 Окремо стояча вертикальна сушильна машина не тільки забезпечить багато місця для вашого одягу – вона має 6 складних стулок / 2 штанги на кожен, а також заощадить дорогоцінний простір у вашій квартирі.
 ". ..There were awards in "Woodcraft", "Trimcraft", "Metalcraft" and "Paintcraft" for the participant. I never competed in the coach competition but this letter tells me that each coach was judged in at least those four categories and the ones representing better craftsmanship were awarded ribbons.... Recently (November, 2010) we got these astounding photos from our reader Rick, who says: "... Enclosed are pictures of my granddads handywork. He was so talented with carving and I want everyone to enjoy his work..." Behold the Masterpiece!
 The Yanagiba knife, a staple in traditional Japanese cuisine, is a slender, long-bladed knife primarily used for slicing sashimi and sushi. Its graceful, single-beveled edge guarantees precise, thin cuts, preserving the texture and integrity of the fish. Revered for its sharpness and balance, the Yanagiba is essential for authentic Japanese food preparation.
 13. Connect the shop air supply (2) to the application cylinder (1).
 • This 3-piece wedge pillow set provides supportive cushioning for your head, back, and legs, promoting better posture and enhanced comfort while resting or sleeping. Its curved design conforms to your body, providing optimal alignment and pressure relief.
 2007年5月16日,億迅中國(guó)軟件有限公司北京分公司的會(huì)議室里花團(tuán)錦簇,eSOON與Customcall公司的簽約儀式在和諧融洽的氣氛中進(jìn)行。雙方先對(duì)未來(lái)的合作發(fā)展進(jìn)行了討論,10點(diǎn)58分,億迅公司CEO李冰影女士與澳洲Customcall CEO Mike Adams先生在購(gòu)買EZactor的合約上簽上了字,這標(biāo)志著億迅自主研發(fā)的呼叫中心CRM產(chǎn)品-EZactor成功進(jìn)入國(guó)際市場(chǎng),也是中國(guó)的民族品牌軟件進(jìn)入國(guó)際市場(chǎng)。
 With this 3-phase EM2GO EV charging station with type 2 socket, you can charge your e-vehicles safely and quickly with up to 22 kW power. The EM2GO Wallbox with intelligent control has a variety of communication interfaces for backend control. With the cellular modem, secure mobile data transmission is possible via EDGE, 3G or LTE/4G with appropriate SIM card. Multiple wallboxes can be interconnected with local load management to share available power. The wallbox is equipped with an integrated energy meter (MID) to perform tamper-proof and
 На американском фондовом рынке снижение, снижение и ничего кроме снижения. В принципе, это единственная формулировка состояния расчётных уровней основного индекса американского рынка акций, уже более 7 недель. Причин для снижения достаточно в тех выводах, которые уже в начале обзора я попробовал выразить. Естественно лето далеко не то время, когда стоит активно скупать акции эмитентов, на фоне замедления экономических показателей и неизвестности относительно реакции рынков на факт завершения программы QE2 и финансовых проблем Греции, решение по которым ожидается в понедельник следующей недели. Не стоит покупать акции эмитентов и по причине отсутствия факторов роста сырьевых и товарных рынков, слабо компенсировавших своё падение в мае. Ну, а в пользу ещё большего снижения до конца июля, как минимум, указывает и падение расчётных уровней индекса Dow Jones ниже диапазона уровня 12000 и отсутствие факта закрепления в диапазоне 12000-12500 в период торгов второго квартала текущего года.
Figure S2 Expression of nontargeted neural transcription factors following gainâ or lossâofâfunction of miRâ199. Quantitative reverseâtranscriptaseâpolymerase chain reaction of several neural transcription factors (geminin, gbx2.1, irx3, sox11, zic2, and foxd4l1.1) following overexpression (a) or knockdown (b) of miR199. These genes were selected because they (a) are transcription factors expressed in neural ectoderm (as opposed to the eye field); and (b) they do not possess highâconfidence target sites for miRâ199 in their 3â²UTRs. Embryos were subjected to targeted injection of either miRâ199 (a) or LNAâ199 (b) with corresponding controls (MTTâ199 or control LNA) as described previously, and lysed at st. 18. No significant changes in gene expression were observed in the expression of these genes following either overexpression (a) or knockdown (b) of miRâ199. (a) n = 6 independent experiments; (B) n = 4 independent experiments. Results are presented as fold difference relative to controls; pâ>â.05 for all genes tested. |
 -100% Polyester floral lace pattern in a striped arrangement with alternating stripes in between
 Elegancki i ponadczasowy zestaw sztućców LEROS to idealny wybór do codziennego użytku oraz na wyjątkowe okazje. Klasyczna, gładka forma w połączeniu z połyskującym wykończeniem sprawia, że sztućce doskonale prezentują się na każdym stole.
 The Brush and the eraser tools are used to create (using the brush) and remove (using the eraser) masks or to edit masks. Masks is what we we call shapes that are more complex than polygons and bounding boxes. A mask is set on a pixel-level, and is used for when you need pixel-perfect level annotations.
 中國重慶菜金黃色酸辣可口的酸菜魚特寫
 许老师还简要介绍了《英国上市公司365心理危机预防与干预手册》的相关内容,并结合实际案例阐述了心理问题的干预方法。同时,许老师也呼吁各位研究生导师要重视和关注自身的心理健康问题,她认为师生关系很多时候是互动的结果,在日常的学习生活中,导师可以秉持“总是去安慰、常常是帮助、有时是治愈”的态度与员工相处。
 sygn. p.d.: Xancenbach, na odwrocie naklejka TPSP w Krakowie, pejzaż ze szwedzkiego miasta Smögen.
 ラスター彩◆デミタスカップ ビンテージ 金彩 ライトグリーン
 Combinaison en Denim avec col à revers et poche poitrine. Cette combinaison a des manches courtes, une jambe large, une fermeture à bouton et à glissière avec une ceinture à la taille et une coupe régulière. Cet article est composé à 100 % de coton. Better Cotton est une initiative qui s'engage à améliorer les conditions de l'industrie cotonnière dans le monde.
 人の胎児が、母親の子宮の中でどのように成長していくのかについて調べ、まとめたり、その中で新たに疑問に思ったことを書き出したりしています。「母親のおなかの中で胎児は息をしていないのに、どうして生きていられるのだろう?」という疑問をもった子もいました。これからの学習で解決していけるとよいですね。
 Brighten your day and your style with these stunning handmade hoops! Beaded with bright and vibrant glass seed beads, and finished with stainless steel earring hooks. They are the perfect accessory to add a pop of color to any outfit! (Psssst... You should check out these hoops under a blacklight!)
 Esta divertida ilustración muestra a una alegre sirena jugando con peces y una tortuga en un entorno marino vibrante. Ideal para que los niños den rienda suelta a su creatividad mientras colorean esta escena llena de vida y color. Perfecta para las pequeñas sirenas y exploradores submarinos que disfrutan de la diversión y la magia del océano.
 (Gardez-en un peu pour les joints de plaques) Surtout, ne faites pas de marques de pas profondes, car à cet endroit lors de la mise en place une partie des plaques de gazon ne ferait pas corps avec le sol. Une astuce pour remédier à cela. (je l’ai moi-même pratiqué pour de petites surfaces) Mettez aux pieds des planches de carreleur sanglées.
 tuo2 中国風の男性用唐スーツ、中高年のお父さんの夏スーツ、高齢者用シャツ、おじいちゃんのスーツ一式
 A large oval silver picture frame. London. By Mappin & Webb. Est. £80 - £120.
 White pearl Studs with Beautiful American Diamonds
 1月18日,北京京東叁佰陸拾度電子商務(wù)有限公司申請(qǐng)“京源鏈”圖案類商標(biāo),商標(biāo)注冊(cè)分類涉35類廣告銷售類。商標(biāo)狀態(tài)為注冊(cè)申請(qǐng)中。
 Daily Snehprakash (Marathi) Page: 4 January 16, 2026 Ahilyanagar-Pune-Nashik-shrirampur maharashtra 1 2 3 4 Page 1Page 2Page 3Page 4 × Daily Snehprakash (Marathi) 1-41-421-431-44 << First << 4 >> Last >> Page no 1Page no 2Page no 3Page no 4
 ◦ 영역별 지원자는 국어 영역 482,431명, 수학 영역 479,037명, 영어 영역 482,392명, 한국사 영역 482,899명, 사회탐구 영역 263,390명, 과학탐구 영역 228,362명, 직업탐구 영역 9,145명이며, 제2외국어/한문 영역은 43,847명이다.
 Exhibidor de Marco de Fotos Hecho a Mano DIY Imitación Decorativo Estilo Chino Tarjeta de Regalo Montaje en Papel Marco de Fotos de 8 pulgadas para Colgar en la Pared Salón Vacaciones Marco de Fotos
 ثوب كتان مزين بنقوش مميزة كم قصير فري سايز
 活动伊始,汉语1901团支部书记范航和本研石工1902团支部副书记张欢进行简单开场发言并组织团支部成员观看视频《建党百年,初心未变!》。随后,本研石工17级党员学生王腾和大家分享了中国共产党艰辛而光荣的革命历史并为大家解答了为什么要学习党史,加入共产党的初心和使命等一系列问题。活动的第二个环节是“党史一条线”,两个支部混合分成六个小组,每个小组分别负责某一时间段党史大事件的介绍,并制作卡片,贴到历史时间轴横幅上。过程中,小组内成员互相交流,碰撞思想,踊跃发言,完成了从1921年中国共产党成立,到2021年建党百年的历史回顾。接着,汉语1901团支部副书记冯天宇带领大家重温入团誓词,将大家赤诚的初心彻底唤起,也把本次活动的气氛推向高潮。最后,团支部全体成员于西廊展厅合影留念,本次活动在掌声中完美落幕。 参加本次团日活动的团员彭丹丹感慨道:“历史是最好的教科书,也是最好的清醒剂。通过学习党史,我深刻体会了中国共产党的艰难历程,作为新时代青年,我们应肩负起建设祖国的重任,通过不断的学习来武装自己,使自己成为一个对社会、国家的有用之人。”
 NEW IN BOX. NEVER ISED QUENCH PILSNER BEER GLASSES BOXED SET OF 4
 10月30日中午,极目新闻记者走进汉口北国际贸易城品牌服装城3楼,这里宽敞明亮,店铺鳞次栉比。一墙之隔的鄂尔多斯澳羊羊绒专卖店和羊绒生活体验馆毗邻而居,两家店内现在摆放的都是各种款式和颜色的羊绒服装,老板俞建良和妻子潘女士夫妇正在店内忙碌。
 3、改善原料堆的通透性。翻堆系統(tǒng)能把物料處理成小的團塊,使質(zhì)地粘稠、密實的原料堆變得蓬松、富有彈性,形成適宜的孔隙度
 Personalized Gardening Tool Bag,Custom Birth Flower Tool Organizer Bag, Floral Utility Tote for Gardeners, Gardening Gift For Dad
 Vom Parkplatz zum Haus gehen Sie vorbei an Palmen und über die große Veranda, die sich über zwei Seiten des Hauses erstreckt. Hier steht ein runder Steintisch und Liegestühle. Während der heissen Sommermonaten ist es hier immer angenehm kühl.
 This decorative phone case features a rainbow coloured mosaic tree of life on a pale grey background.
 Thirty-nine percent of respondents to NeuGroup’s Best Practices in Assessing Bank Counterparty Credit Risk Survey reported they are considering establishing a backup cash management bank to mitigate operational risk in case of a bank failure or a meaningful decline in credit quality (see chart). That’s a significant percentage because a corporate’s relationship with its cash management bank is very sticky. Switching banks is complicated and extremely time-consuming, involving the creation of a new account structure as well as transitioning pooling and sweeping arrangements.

====

**WHAT THIS TASK INVOLVES**
Go through the data and show each line that holds "your".

**WRITTEN ANSWER**
 • This 3-piece wedge pillow set provides supportive cushioning for your head, back, and legs, promoting better posture and enhanced comfort while resting or sleeping. Its curved design conforms to your body, providing optimal alignment and pressure relief.
 With this 3-phase EM2GO EV charging station with type 2 socket, you can charge your e-vehicles safely and quickly with up to 22 kW power. The EM2GO Wallbox with intelligent control has a variety of communication interfaces for backend control. With the cellular modem, secure mobile data transmission is possible via EDGE, 3G or LTE/4G with appropriate SIM card. Multiple wallboxes can be interconnected with local load management to share available power. The wallbox is equipped with an integrated energy meter (MID) to perform tamper-proof and
 Brighten your day and your style with these stunning handmade hoops! Beaded with bright and vibrant glass seed beads, and finished with stainless steel earring hooks. They are the perfect accessory to add a pop of color to any outfit! (Psssst... You should check out these hoops under a blacklight!)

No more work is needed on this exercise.